Setting up Active-Active replication between RonDB Clusters#

In this chapter we will go through how to set up replication between two clusters that can both be actively handling writes to the cluster. To handle this properly we need to setup also conflict detection which is explained in later chapters.

However Active-Active replication setup is also required to be able to handle a graceful change of roles of the Active and the Passive clusters. This is something that most Active-Passive cluster setups will be using as well.

The ability to switch the roles of the clusters is very useful, it could be used to perform any type of major maintenance work on the Active cluster. It can also be used as a way to demonstrate that the failover procedures used at cluster failover is working. Major maintenance work could be to change the application software, changing the RonDB software version, to change the schema used by the application software.

Being able to handle those changes on a cluster that is not online makes it possible to handle very complex hardware and software changes without getting any downtime of the cluster.

Active-Passive setup changes#

The setup of Active-Active replication always starts with setting up the Active-Passive replication between two clusters as described in the previous chapter. Thus to get to Active-Active replication we always start with only one Active cluster and then we perform the actions to move the replication into an Active-Active replication.

There is one difference in the setup though, the MySQL replication servers should be configured with the log-replica-updates variable set to ON. This ensures that the writes of the replica cluster is written into the binlog of the replica cluster.

In the Active-Passive setup we started replicating from the primary cluster to the replica cluster. The next step to setup Active-Active replication is to also start replicating from replica cluster towards the primary cluster. This can only happen if we set the log-replica-updates configuration variable to ON in the replica cluster. It should also be set in the primary cluster to ensure that we can switch roles of the clusters later.

Now as usual to start replication it is the cluster receiving the replication records that need to setup the source of the replication.

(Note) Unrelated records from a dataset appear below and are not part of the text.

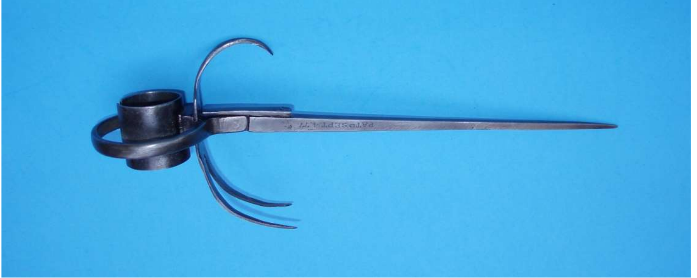
Restored Walker Candlestick. (7 inches long—6 ½ inches folded)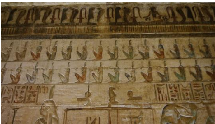
Some of the Forty-Two assessor deities, from the Temple of Hathor at Deir el-Medina.

Aidan stressed the differences and similarities between the cult temples of Karnak and Luxor and the mortuary temples, which he called memorial temples, of the west bank. He treated the monuments in chronological order showing how they were partially or wholly demolished, extended, remodelled and refurbished at regular intervals as each new monarch placed his stamp on them. The illustrations were well-chosen, often giving insight into the less well-frequented or inaccessible corners of the temples. This was one of those days when the time flew by all too quickly and we were left wanting more.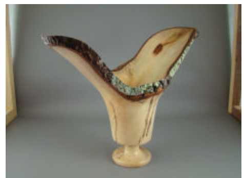
Earl Kennedy – Crotch Vase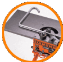
■ Extension working table(standard accessory)

■ This small unit may be carried in one hand but has all the attributes of its bigger brethren and can make a 180 degrees bend of a 16mm rebar in just 1.5 seconds.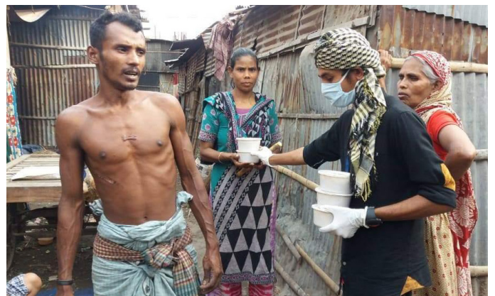
Food distribution to families in need

In this case it is the MySQL replication servers in the primary cluster that needs this setup.

To start replicating from the replica cluster to the primary cluster we need to get an epoch number to start from, this epoch number needs to be converted into a binlog position to ensure that we can start the replication from a proper position.

This is using the same procedure as in the Active-Passive setup. Thus the primary MySQL replication server in the primary cluster should issue the following the queries towards to the MySQL replication server in the replica cluster. As usual we always use replication channels. Thus it is the MySQL Active Replication server VM in the Primary RonDB cluster that sends these queries towards the MySQL Active Replication server in the Replica RonDB cluster. Using those queries it will discover the binlog position to setup the replication.

Thus the following queries should be executed.

SELECT MAX(epoch) AS last_epoch from mysql.ndb_apply_status WHERE server_id IN (11,12);

This retrieves the current epoch in the replica cluster, assuming the server ids are 11 and 12 for the MySQL replication servers in the primary cluster.

The epoch number LAST_EPOCH is then fed into this query:

SELECT SUBSTRING_INDEX(next_file, '/', -1) AS file,
       next_position AS position
       FROM mysql.ndb_binlog_index
       WHERE epoch <= LAST_EPOCH
       ORDER BY DESC LIMIT 1;

This query is executed in the replica cluster and provides the starting binlog position. Now the FILE and POSITION from this query is used in the query to setup the replication source in the MySQL replication server in the primary cluster.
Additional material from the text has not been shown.